# Apple TV



## Jaysn (Dec 9, 2012)

Can I bring my Apple TV box from UK to Dubai? If not, is there a Dubai version available to purchase?


----------



## md000 (Dec 16, 2008)

I have many friends who have brought their US/UK Apple TV box over and it works just fine.

-md000/Mike


----------



## ccr (Jun 20, 2010)

md000 said:


> I have many friends who have brought their US/UK Apple TV box over and it works just fine.
> 
> -md000/Mike


Second this, I have 2 ATV going in the house without issues.

In fact, 90% of my Apple products came from US with the remaining from Singapore.
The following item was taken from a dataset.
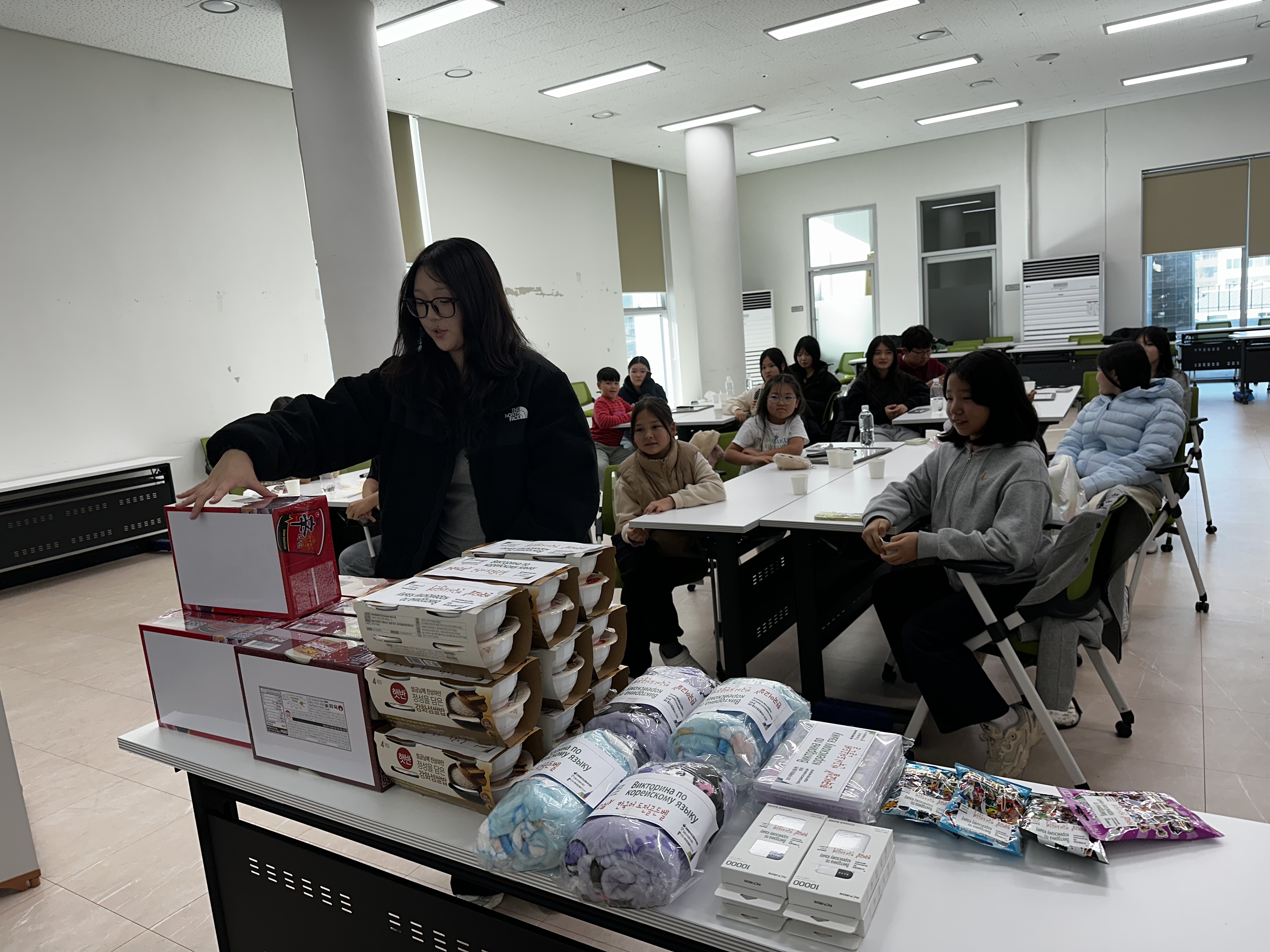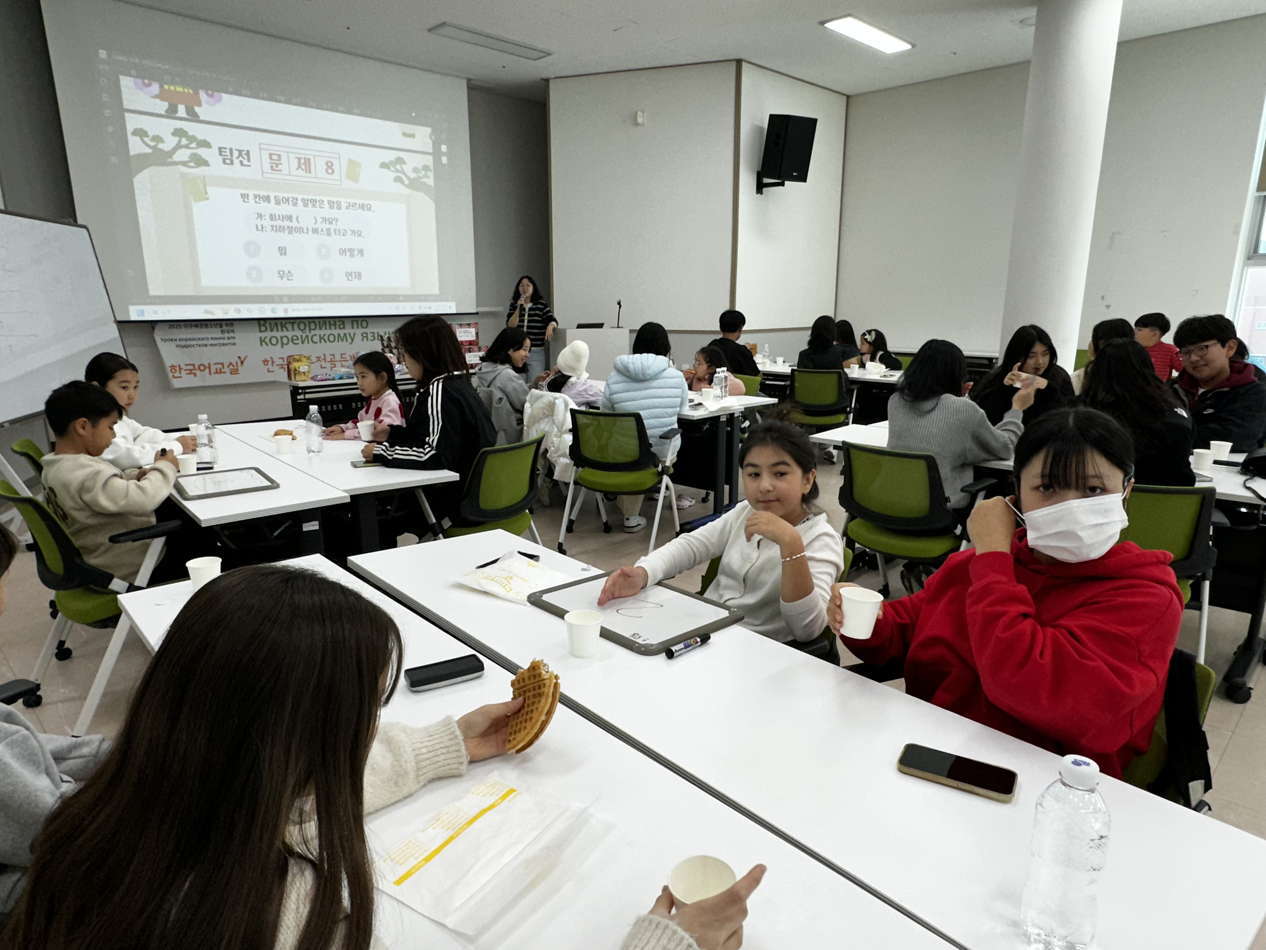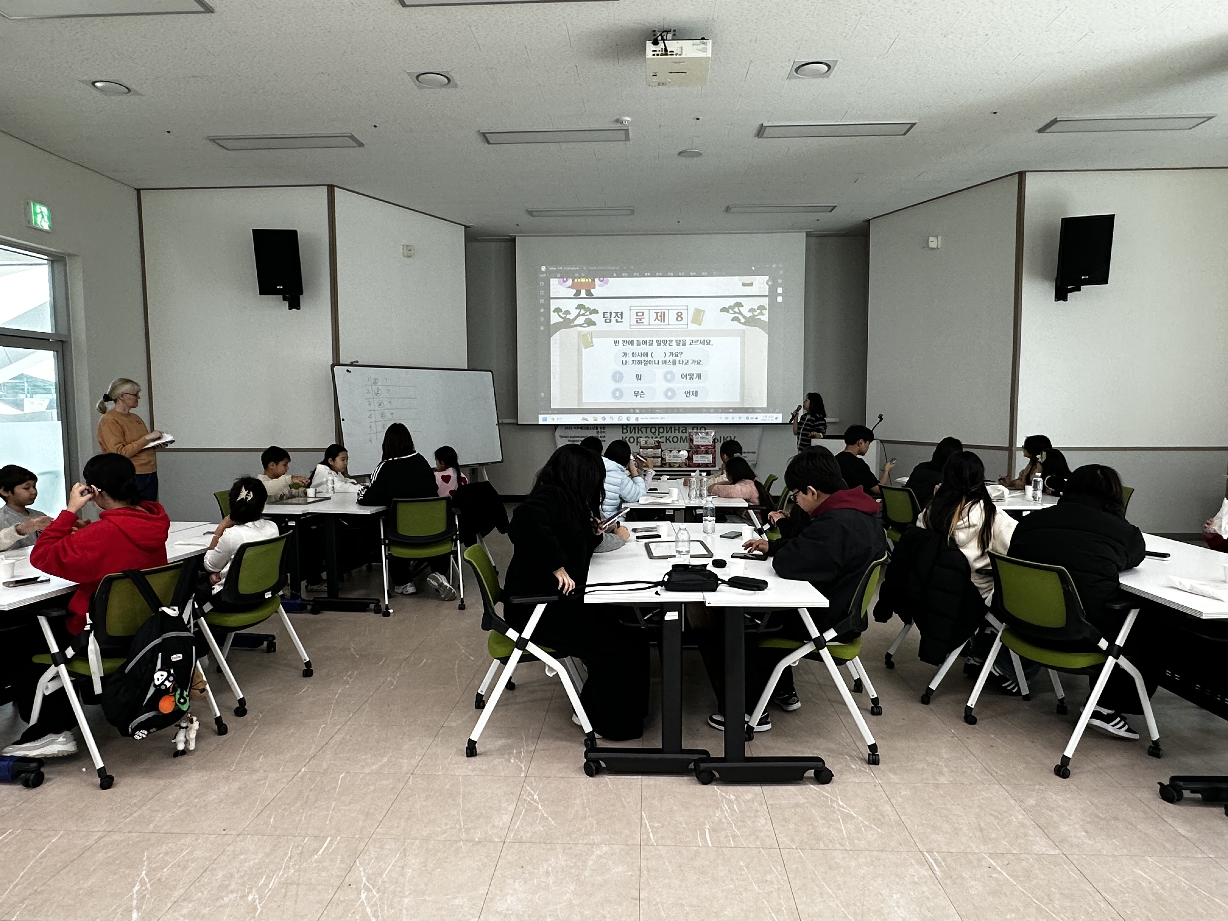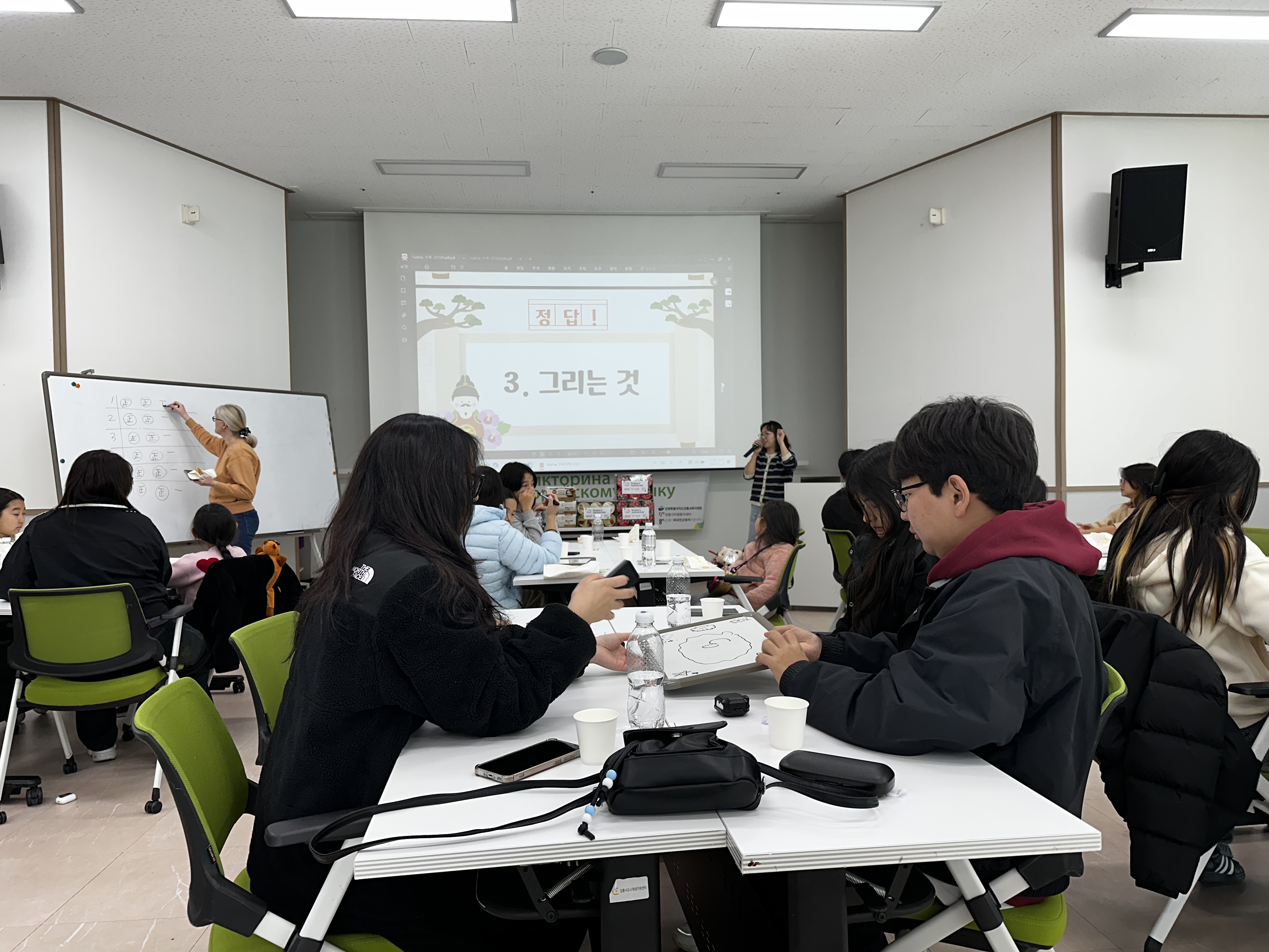 행사는 김예솔 선생님의 진행으로 체계적이면서도 유쾌하게 이어졌으며, 옐레나 선생님의 통역 지원으로 모든 참여자가 문제를 이해하고 적극적으로 참여할 수 있었습니다. 또한 원활한 운영을 위해 센터 직원 3명이 행사 보조로 함께하며 현장을 꼼꼼히 지원했습니다.

Again, no issue.


----------



## ash_ak (Jan 22, 2011)

do you need a VPN connection to access content on Apple TV here?


----------



## md000 (Dec 16, 2008)

ash_ak said:


> do you need a VPN connection to access content on Apple TV here?


No.

-md000/Mike


----------



## ccr (Jun 20, 2010)

ash_ak said:


> do you need a VPN connection to access content on Apple TV here?


As Mike said, no, for iTunes content.

However, for connection to Netflix et al (or any streaming services that intended for living-inside-US subscribers), then you will need (US-based) VPN service.


----------



## md000 (Dec 16, 2008)

ccr said:


> As Mike said, no, for iTunes content.
> 
> However, for connection to Netflix et al (or any streaming services that intended for living-inside-US subscribers), then you will need (US-based) VPN service.


Which...are illegal and cannot be discussed here.

=)

-md000/Mike


----------



## Jaysn (Dec 9, 2012)

Thanks everyone for your comments.


----------